As modern day Irish Republicans in the tradition of Tone, we are dedicated to the establishment of a national Republic, built upon equality, fraternity, unity and reconciliation between all citizens in Ireland.
Our primary aim is for an agreed, multicultural united Ireland, which celebrates diversity and equality, and shuns bigotry and discrimination.
Sinn Féin stands against all forms of sectarianism, racism, homophobia, sexism, and intolerance in society.
Today’s Ireland is one of huge social change and political realignment.
Partition continues to be the central fault line at the heart of Irish politics and society.
The imposition of the Brexit decision upon the people of the six counties has now magnified that fault line.
We are clear; Brexit is a by-product of partition and continued British jurisdiction in the North of our country.
It has now become a catalyst for a new realignment of politics in Ireland; in relations between this island and Britain: and, it is redefining politics in the British State and Europe itself.
Irish Unity has become central to the political discourse.
Next Saturday in Belfast at the Waterfront our party will host a major national conference on Irish Unity to build on that discussion.
Many citizens are now looking beyond the Brexit fall out and towards new constitutional and political opportunities.
In the North, greater numbers of ordinary people are now more engaged with politics.
Young people have become increasingly politicised.
All that is reflected in the Assembly and General election results in March and just last week.
The election of 27 Sinn Féin MLA’s and 7 MPs with 239,000 votes is an historic high in electoral support for our party, and for progressive politics.
I want to thank every activist and supporter and all their families who contributed to these spectacular achievements; and also to all of our voters.
There is a building momentum for Irish Unity and in support of anti-unionist and progressive politics.
There is also a new, popular expectation of real, and substantial political change.
The people of the North have spoken.
Sinn Féin respects the mandate secured by the DUP.

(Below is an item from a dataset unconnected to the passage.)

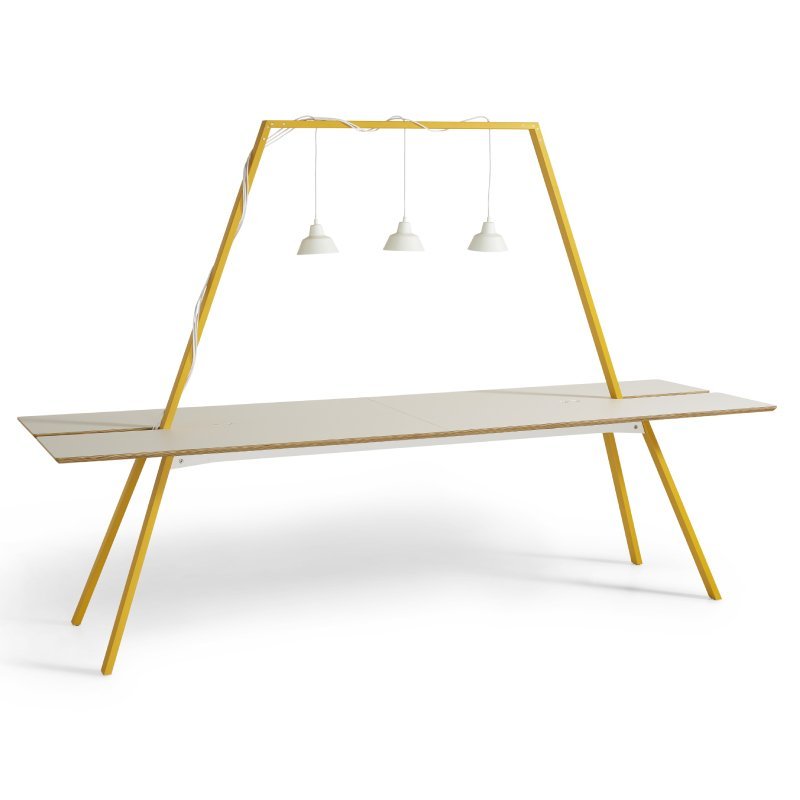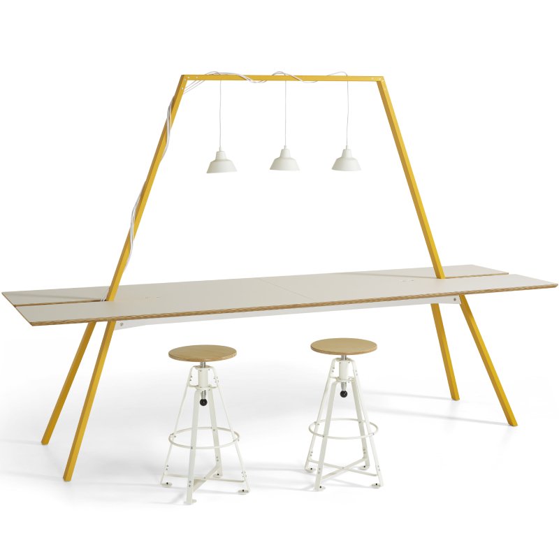 Zoals de naam al doet vermoeden is de tafel geïnspireerd op een aanlegsteiger. Dit is ook precies de functie die de tafel binnen kantoor heeft. Een plek waar mensen 'aanmeren', samen komen en overleggen. Het metalen frame van de tafel loopt door boven de tafel waar lampen aan gehangen kunnen worden. De combinatie van het frame en de lampen zorgen voor een intieme sfeer.

But make no mistake Sinn Féin’s electoral mandate is a vindication of our pledge that there will be no return to the status quo: and I repeat; no citizen or section of society will be put to the back of the bus again.
In 1967 our parents and grandparents and others in this gathering set out to demand civil rights in the North. They were beaten and shot off the streets.
Fifty years later an equality revolution is happening in the six counties and it is being led by young people.
Agus tá siad tiomanta agus diongbhailte. Tá siad dearg le fearg agus tá muid go léir dearg le fearg.
For the first time since partition electoral support for political unionism has fallen below 50%.
These are the new realities.
And this is the new context for the current round of political talks.
Let us be clear – the political crisis in the North can be resolved.
The political institutions can be re-established.
However, that means the DUP and British government need to get the message – which they have ignored since Martin McGuinness’ resignation on 9th January.
So I will spell it out.
The equality and rights agenda is not negotiable.
Agreements previously made on equality, rights, parity of esteem and legacy must be implemented.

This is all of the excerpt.